On Wednesday, Senate Judiciary Committee Chairman Patrick J. Leahy (D-Vt.)
sent a letter to Ashcroft, asking questions about how the division is
being run.
"'You
stated repeatedly at your confirmation hearing that it is an Attorney
General's duty to enforce the law as written, regardless of his or her
personal beliefs,' Leahy wrote. But the 'considerable changes in the
upper echelons of the Department's career ranks raise concerns about
the reasons for the changes and their effect on the Department's important
mission.'
"In
addition to the meetings with defendants' attorneys and the Mississippi
redistricting case, career lawyers, congressional sources and civil
rights groups have taken issue with the hiring of two conservative operatives
as career lawyers and the reassignment of two top career officials in
the Employment Litigation Section.
"Of
the two political operatives hired, one is a former employee of the
Voting Integrity Project, which ran the disputed purging of Florida
voter rolls of alleged felons during the 2000 election, and the other
is a former senior counsel for the Center for Equal Opportunity, an
organization that has been sharply critical of preferential affirmative
action policies. They will be part of a voting-rights task force Ashcroft
announced last year, to be headed by a political appointee."
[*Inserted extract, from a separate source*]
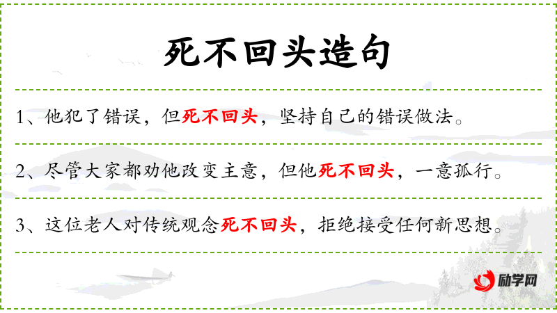 2. 【死不回头】 - 指到死也不反悔,形容意志坚决。

http://www.washingtonpost.com/ac2/wp-dyn/A29465-2002Mar14
How many dots do people need before they start filling in the picture
about the election?
Let's
review the bidding.
- Florida's
secretary of state is Bush's campaign manager, and its governor is his
brother.
- The
secretary of state hires a company to eliminate all "felons"
from the voter rolls. The company hired to do the job recommends cross-checking
the names to insure accuracy, but the secretary refuses.
- More
than 50,000 people are removed from the rolls. The vast majority of
those removals are improper. The vast majority of those removed are
black and Democratic.
- The
poor black and Democratic areas of Florida have older, less reliable
voting machines. And there are over 11,000 complaints of people being
turned away and not allowed to vote.
- Republican
operatives in several counties illegally "correct" hundreds
of Republican requests for absentee ballots.
- The
secretary/campaign manager announces that Bush "wins" Florida
by 500 votes.
- The
Civil Rights Commission finds evidence of significant rights violations.
- EVERY
full recount of all legal votes in Florida finds that Gore was, in fact,
the winner -- without even getting to the issues of butterfly ballots,
scrubbed voter rolls, late absentee votes, etc.
- The
Bush DOJ announces lawsuits against three Florida counties to "correct"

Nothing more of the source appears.